BEGIN
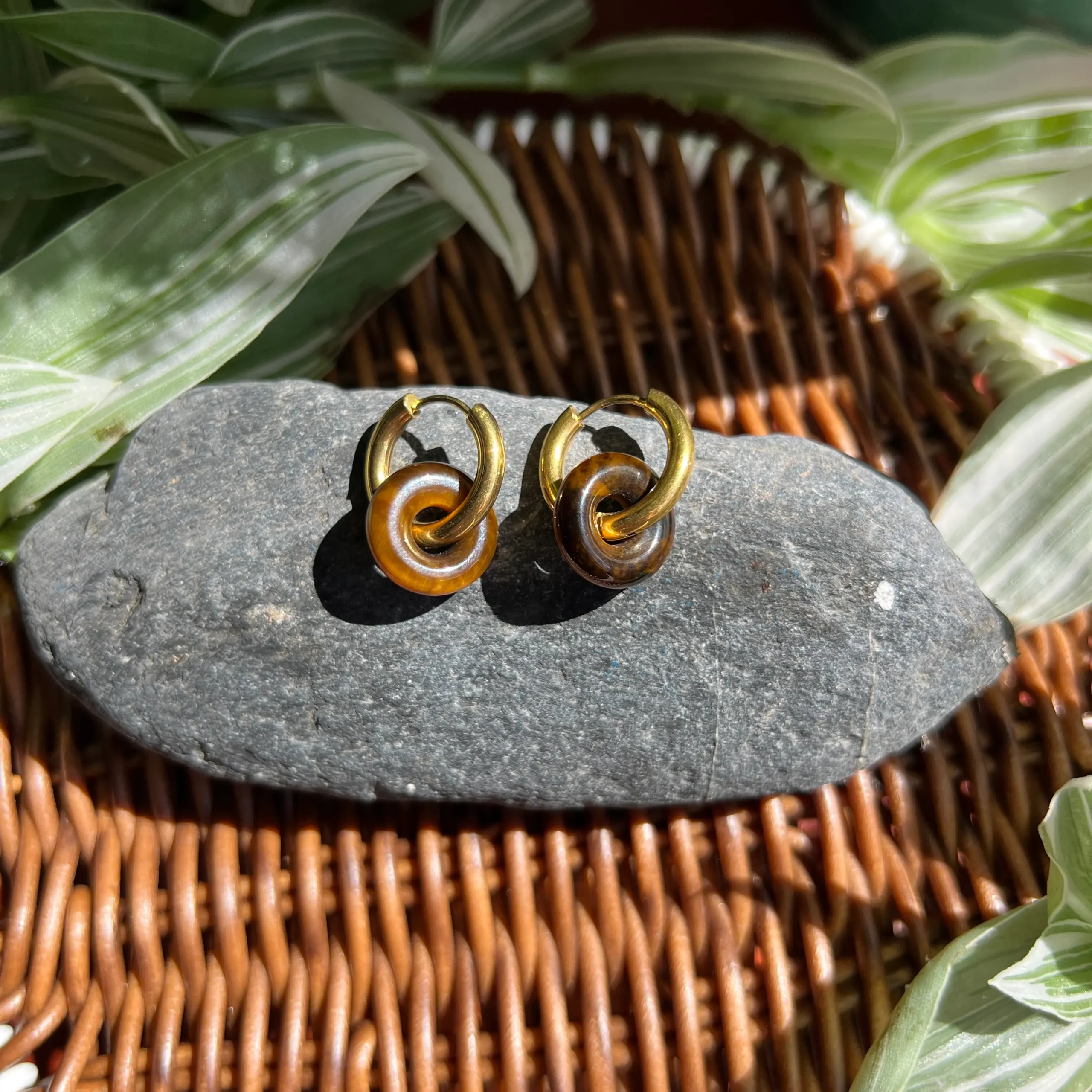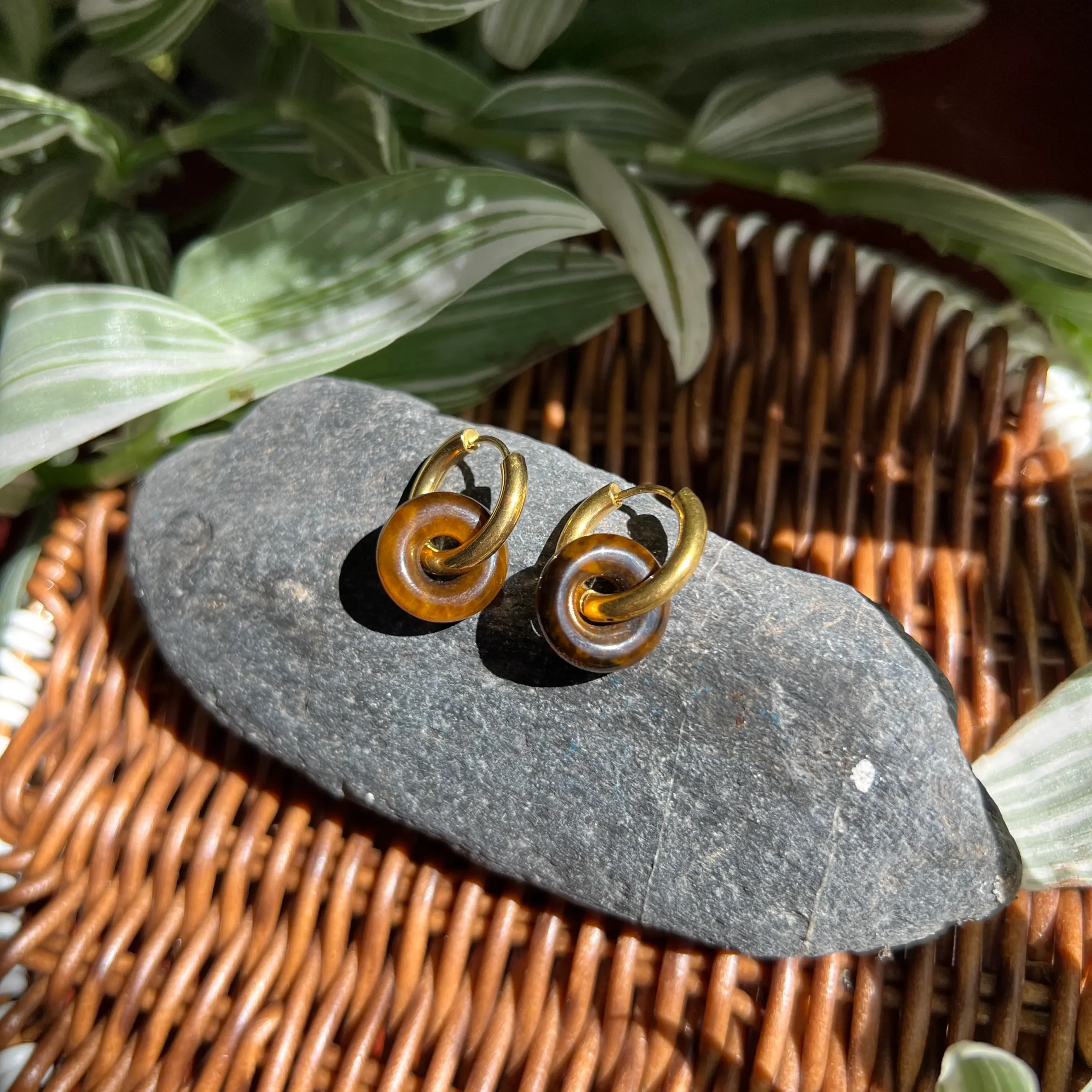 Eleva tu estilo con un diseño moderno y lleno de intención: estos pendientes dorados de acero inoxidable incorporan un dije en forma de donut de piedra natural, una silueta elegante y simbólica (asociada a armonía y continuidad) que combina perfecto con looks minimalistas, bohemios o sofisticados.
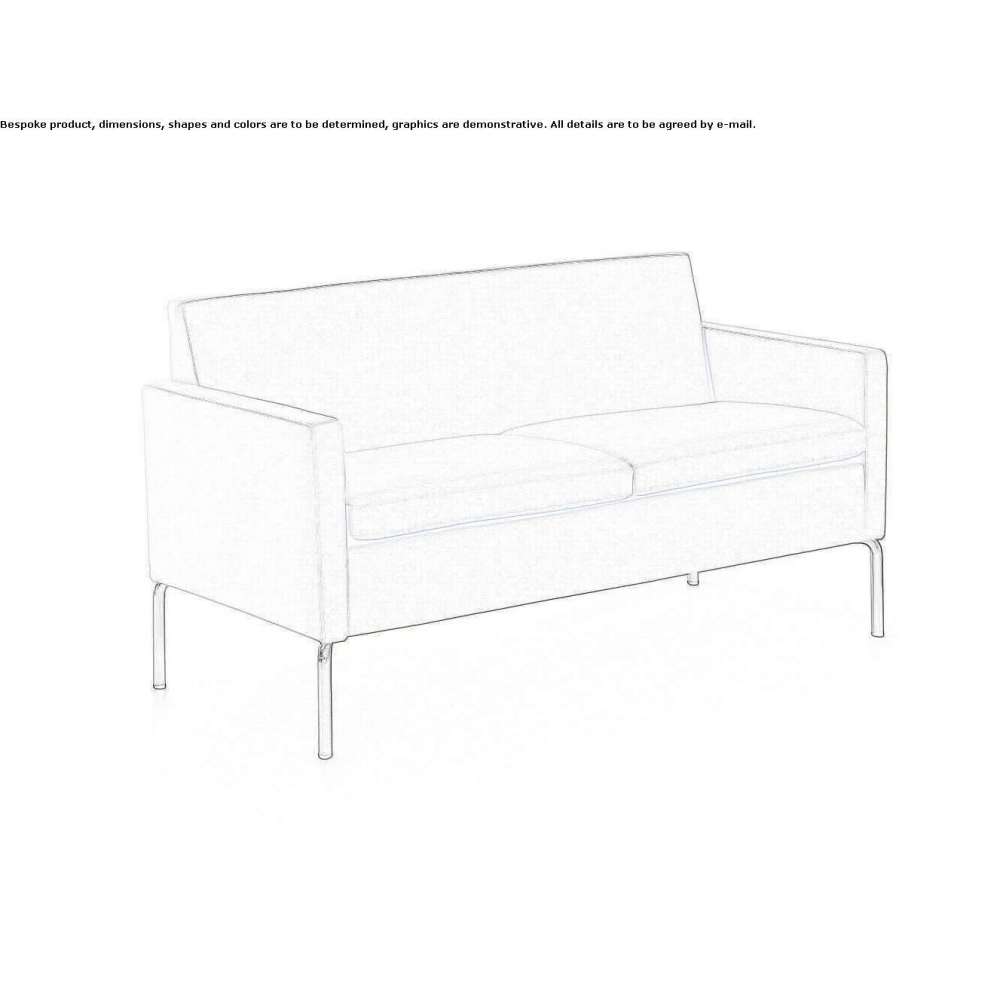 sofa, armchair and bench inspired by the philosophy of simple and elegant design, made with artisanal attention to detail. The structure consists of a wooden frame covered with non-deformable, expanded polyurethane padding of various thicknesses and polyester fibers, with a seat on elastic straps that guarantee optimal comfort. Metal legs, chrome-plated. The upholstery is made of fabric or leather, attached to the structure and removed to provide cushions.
END
BEGIN
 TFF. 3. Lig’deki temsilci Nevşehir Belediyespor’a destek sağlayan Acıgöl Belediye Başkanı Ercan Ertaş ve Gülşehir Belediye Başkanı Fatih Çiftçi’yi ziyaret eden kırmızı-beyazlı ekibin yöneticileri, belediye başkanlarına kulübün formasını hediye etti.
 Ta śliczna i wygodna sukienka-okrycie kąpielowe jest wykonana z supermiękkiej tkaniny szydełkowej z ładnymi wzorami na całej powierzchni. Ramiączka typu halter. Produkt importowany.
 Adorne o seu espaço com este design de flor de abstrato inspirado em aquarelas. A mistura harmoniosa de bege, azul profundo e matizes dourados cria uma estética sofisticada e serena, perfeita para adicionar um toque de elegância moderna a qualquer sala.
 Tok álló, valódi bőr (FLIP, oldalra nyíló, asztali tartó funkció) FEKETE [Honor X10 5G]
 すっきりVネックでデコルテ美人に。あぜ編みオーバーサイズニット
END
BEGIN
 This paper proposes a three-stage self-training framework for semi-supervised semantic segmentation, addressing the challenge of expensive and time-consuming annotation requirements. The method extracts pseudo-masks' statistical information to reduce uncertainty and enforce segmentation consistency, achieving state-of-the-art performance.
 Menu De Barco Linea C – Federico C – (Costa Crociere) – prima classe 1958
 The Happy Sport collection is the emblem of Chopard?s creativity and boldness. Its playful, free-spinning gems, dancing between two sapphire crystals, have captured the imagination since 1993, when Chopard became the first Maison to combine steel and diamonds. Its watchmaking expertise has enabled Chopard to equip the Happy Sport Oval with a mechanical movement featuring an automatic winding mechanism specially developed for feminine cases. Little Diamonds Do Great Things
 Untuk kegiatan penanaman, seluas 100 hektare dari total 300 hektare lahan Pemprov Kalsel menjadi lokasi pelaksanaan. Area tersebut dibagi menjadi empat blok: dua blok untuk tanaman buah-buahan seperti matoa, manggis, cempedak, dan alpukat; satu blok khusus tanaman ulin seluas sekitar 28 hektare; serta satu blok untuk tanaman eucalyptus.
END
| WHAT THE TASK REQUIRES |
Repeat, word for word, the lines above between the line holding "This paper proposes" and the line holding "The Happy Sport collection", inclusive; omit everything else.

| SOLUTION FOR THIS TASK |
 This paper proposes a three-stage self-training framework for semi-supervised semantic segmentation, addressing the challenge of expensive and time-consuming annotation requirements. The method extracts pseudo-masks' statistical information to reduce uncertainty and enforce segmentation consistency, achieving state-of-the-art performance.
 Menu De Barco Linea C – Federico C – (Costa Crociere) – prima classe 1958
 The Happy Sport collection is the emblem of Chopard?s creativity and boldness. Its playful, free-spinning gems, dancing between two sapphire crystals, have captured the imagination since 1993, when Chopard became the first Maison to combine steel and diamonds. Its watchmaking expertise has enabled Chopard to equip the Happy Sport Oval with a mechanical movement featuring an automatic winding mechanism specially developed for feminine cases. Little Diamonds Do Great Things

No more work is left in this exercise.